As we all know, the court has discretion on the question of costs. Section 51 of the Senior Courts Act 1981 provides that “the costs of and incidental to all proceedings in … the High Court … are in the discretion of the court” and CPR 7.2(1) provides that “proceedings are started when the court issues a claim form”.

The application of these rules was recently considered by Deputy Master Nurse in Webb Resolutions Ltd v Countrywide Surveyors Ltd, a professional negligence claim against the defendant surveyor. The question for the deputy master was whether the claimant, who had issued but not served the claim form, was liable for the defendant’s costs and, if so, whether those costs should include the pre-action costs.

Background to proceedings being issued (but not served)

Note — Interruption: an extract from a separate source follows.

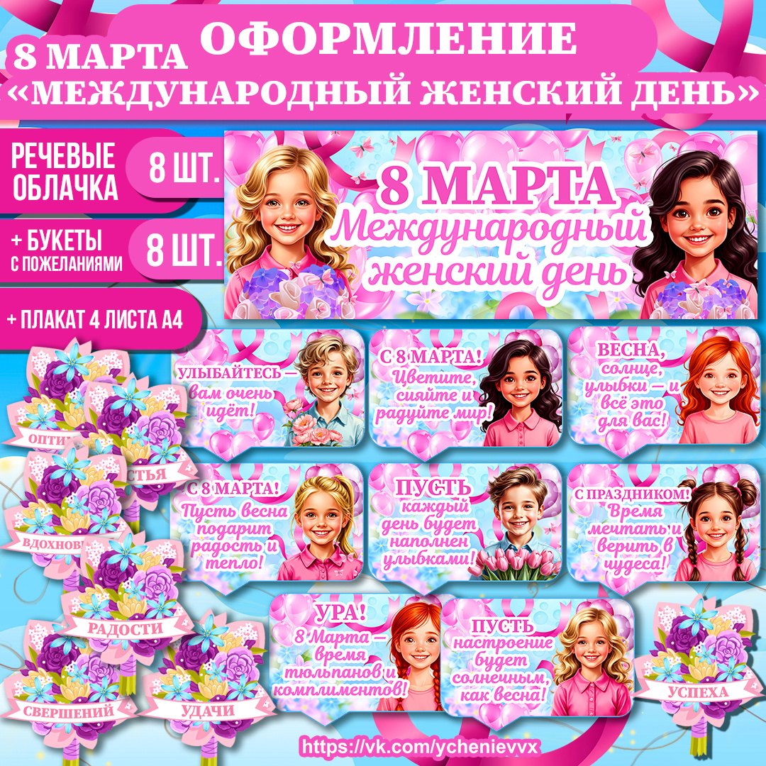 Данный комплект оформления к 8 марта можно скачать здесь. 💐 Создайте весеннее настроение в школе к 8 Марта! Представляю вам комплект оформления для класса, зала, фотозоны, стенда или уголка «Международный женский день». С ним вы легко и быстро украсите пространство и подарите улыбки и тёплые эмоции окружающим.😍 📰 В набор входят 📰 ✅ 8 речевых облачков: 1. Улыбайтесь – вам очень идёт! 2. С 8 Марта! Цветите, сияйте и радуйте мир! 3. Весна, солнце, улыбки — и всё это для вас! 4. С 8 Марта! Пусть весна подарит радость и тепло! 5. Пусть каждый день будет наполнен улыбками! 6. С праздником! Время мечтать и верить в чудеса! 7. Ура! 8 Марта — время тюльпанов и комплиментов! 8. Пусть настроение будет солнечным, как весна! ✅8 букетов цветов для акцентного декора с короткими пожеланиями: 1. Счастья 2. Удачи 3. Здоровья 4. Успеха 5. Радости 6. Свершений 7. Вдохновения 8. Оптимизма ✅ Плакат баннер с надписями «8 марта» и «Международный женский день» (4 листа А4) — заметный и яркий центр композиц

The claimant alleged that the defendant had overvalued a property by £24,500 and claimed £31,148.04, which included the cost and expense of repossessing and selling the property, plus interest. The claimant sent the defendant a letter of claim in May 2011 in accordance with the Professional Negligence Pre-Action Protocol. Extensive correspondence then passed between the parties’ solicitors, but the defendant did not admit liability. The claim was issued in August 2013, before the limitation period expired on 7 August 2013, but was not served on the defendant. Correspondence continued between the parties’ solicitors, but still the claim form was not served. In September 2014, the defendant, having obtained a copy of the claim form from the court, alleged that there had been a discontinuance by the claimant and made an application for its costs.

Costs liability is triggered by issue of the claim form

Deputy Master Nurse ordered the claimant to pay the defendant’s costs of and incidental to the claim, to be subject to detailed assessment on the standard basis. He also commented that all the expense that followed as a direct consequence of the letter of claim dated 20 May 2011 would be incidental to the claim that was eventually issued. It is clear from the judgment that it is the issue of a claim form that triggers the costs liability and that, once that costs liability has been triggered, it can include the pre-action costs.

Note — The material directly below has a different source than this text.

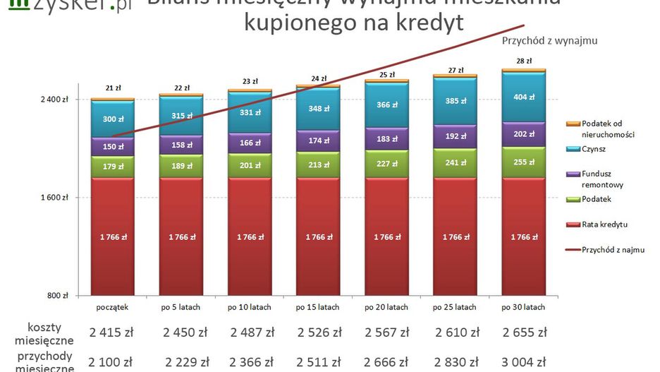 Podsumowując, roczne koszty wyniosą około 29 tys. zł (kredyt + opłaty mieszkaniowe + podatek 8,5 proc.). W kolejnych latach będą one nieznacznie wyższe ze względu na inflację (w przypadku opłat mieszkaniowych – 1 proc.) oraz dodatkowego podatku od rosnących dochodów z wynajmu. W trzydziestym roku inwestycji osiągną poziom ok. 32 200 zł.

In exercising his discretion, the deputy master took into consideration the level of the claimant’s own costs (in excess of £60,000), the expense the defendant had had to incur in dealing with the claim and the fact that the claimant had been aware of the disproportionate level of costs being incurred.

Impact of the decision

The pre-action protocols encourage parties to exchange information in the hope that litigation and the costs involved in that can be avoided. As a result of this, significant costs can be incurred by the parties pre-action, while they investigate the claim, comply with pre-action protocols and consider whether it is possible to reach an agreement without the need to issue proceedings. Mr Justice Tugendhat said in Citation plc v Ellis Whittam Ltd that parties should be encouraged to try to settle their dispute on the basis that they are not incurring liability to pay the other party’s costs if no action was commenced. However, Deputy Master Nurse has now said that the issue of the claim form fundamentally changes this position.

A claimant will often threaten to issue proceedings if the pre-action negotiations stall or use it as a way of putting pressure on the defendant to increase an offer. However, a claimant who is not confident in its claim should now think twice about issuing a claim, as it could be at risk on costs, including pre-action costs, from the moment the claim is issued. Even if the claimant does not tell the defendant that a claim has been issued, the defendant can find out from the court directly.

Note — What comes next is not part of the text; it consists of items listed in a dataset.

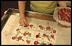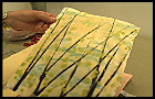 6. Transfer or "couch" the pulp to a wet cloth. Remove excess water with a sponge (figure D).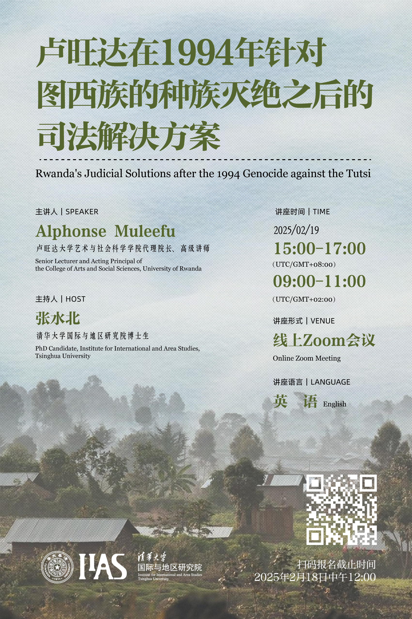 2025年2月19日15:00-17:00,High漫画 (以下简称“地区High漫画”)撒哈拉以南非洲研究中心2024-2025学年春季学期第一场独立讲座在线上线下同时开讲,主题为“卢旺达在1994 年针对图西族的种族灭绝之后的司法解决方案”。本次讲座由卢旺达大学艺术与社会科学学院代理院长、高级讲师Alphonse Muleefu主讲,High漫画 博士生张水北主持。地区High漫画研究员、博士生,国内外高校的学者、学生等近40人参...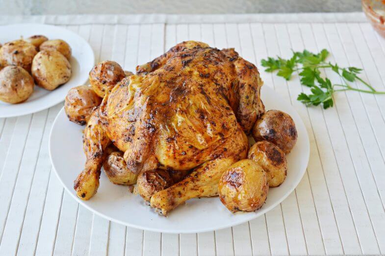 - מערבבים את כל חומרי הרוטב בקערית ומתבלים היטב את תפוחי האדמה והעוף (מורחים על העור וגם בחלקו הפנימי של העוף).
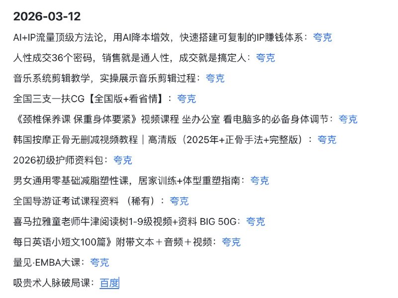 🖼 🤩2026-03-12 实用教程 1️⃣ 搞钱破局: AI+IP流量变现、人性成交、人脉吸贵术 2️⃣ 回血养生: 颈椎急救保养、正骨手法、减脂塑形 3️⃣ 硬核考证: …

This will also be something to consider where a claimant is facing a limitation deadline while still investigating the strength of its claim. If it does not issue in time, it loses the ability to bring the claim at all, but if it issues and then discovers it has a weak claim, it will face a cost liability.

One final point to mention is that, although Deputy Master Nurse commented that all the expense that followed as a direct consequence of the letter of claim dated 20 May 2011 would be incidental to the claim that was eventually issued, this was subject to detailed assessment and it would be a matter of argument before the costs judge as to how much of the defendant’s expenditure could be said to be “costs of and incidental to” the claim.